## Task instructions
Leaving out all pictures, repeat exactly the lines from the one that holds "電表為懸掛式和嵌入式的電能表" to the last line of the entries below.

## Exercise inputs
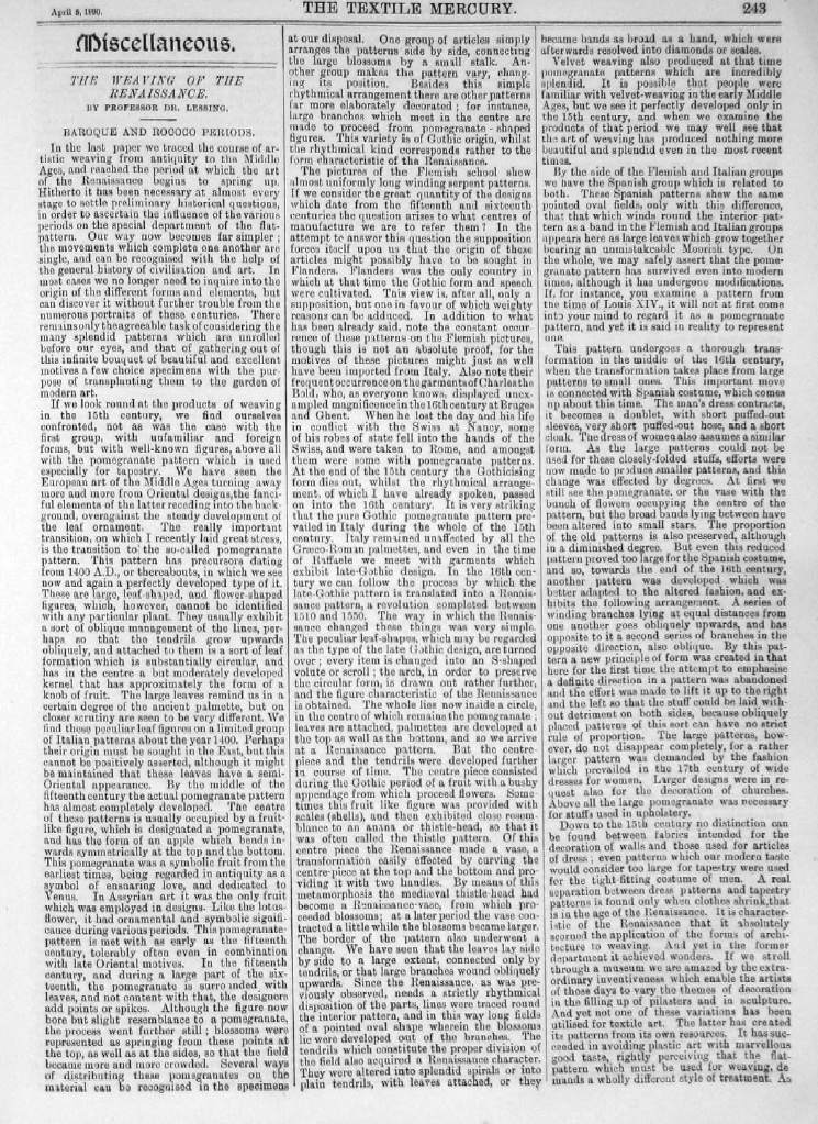 The Weaving of the Renaissance, Lessing. Textile Mercury , Vol. 2 (1890), 2 pages. Note: Digital photography. Posted July 8, 2006. SAMPLE PAGE. File size 978 KB PDF
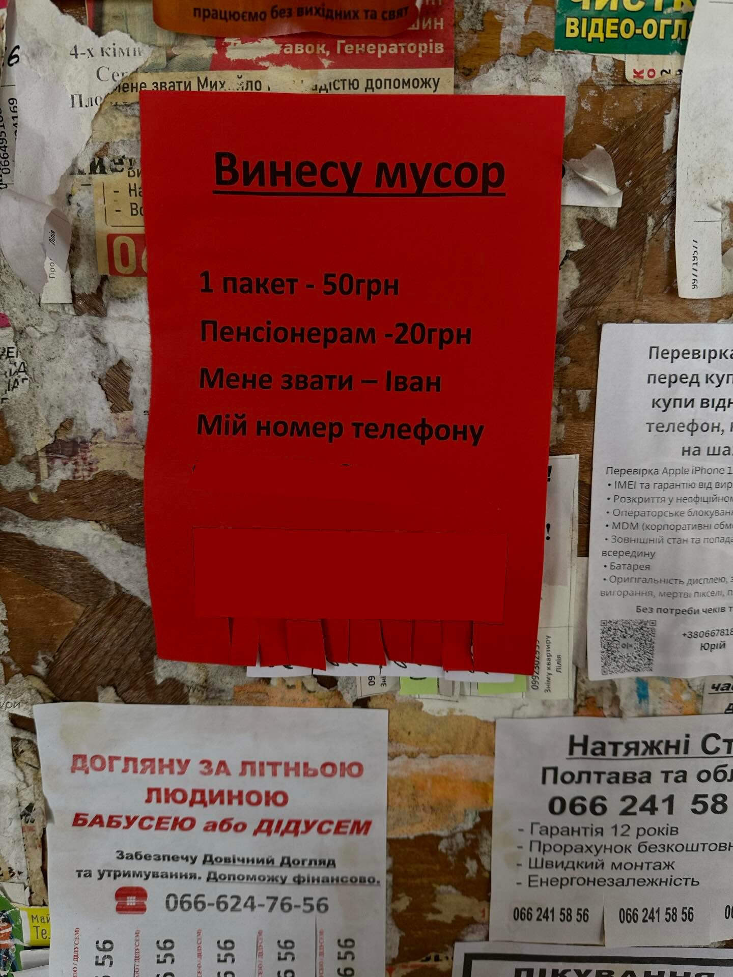Він вирішив заробляти на тому, що більшість людей намагається відкласти на потім — на винесенні сміття. Свою послугу він оцінив у 50 гривень. При цьому автор оголошення виявив неабияку чуйність: для пенсіонерів діє спеціальна ціна — всього 20 гривень.
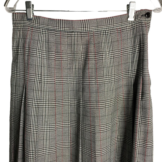 Vintage 90s EH Woods Pleated Midi Dress 10 Black White Plaid Lined Button Zip
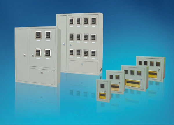 電表為懸掛式和嵌入式的電能表箱,適用于民用和商用住宅中1至多個用戶的電能表計量,表箱為三門結構,總開關裝于左門內,戶表裝于右上門內,出現戶開關裝于右下門內,便于方便。
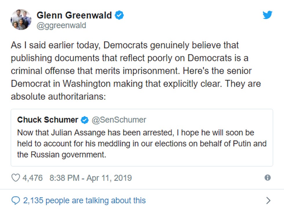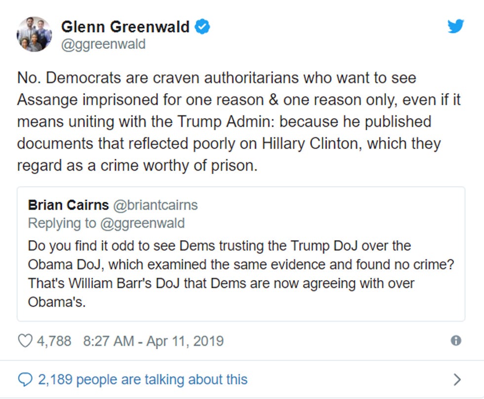 Glenn Greenwald sees the slippery slope of authoritarianism, and it is the Democrats who are about to LOCK HER UP Julian Assange:
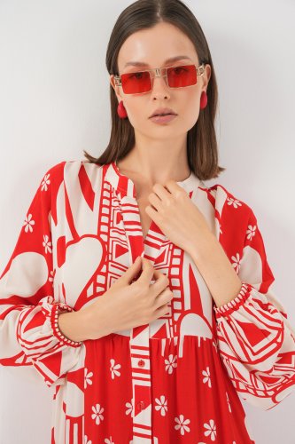 • Desenli Uzun Tesettür Elbise 2585 N Kırmızı
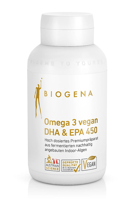 BIOGENA的 Omega 3 vegan DHA & EPA 450含有微藻裂殖壶菌提取的质量有保证的藻油。这种藻油是在室内培养的ˎ可持续生长的藻类经过发酵提纯的产品。对于想要遵循素食饮食习惯或因其他原因想要避免食用鱼类和鱼油的人来说,它是一种理想的替代品。 建议每天服用 3 粒,可摄入1350毫克(900毫克DHA和450毫克EPA)珍贵的欧米伽-3脂肪酸。

## Exercise output
 電表為懸掛式和嵌入式的電能表箱,適用于民用和商用住宅中1至多個用戶的電能表計量,表箱為三門結構,總開關裝于左門內,戶表裝于右上門內,出現戶開關裝于右下門內,便于方便。
 Glenn Greenwald sees the slippery slope of authoritarianism, and it is the Democrats who are about to LOCK HER UP Julian Assange:
 • Desenli Uzun Tesettür Elbise 2585 N Kırmızı
 BIOGENA的 Omega 3 vegan DHA & EPA 450含有微藻裂殖壶菌提取的质量有保证的藻油。这种藻油是在室内培养的ˎ可持续生长的藻类经过发酵提纯的产品。对于想要遵循素食饮食习惯或因其他原因想要避免食用鱼类和鱼油的人来说,它是一种理想的替代品。 建议每天服用 3 粒,可摄入1350毫克(900毫克DHA和450毫克EPA)珍贵的欧米伽-3脂肪酸。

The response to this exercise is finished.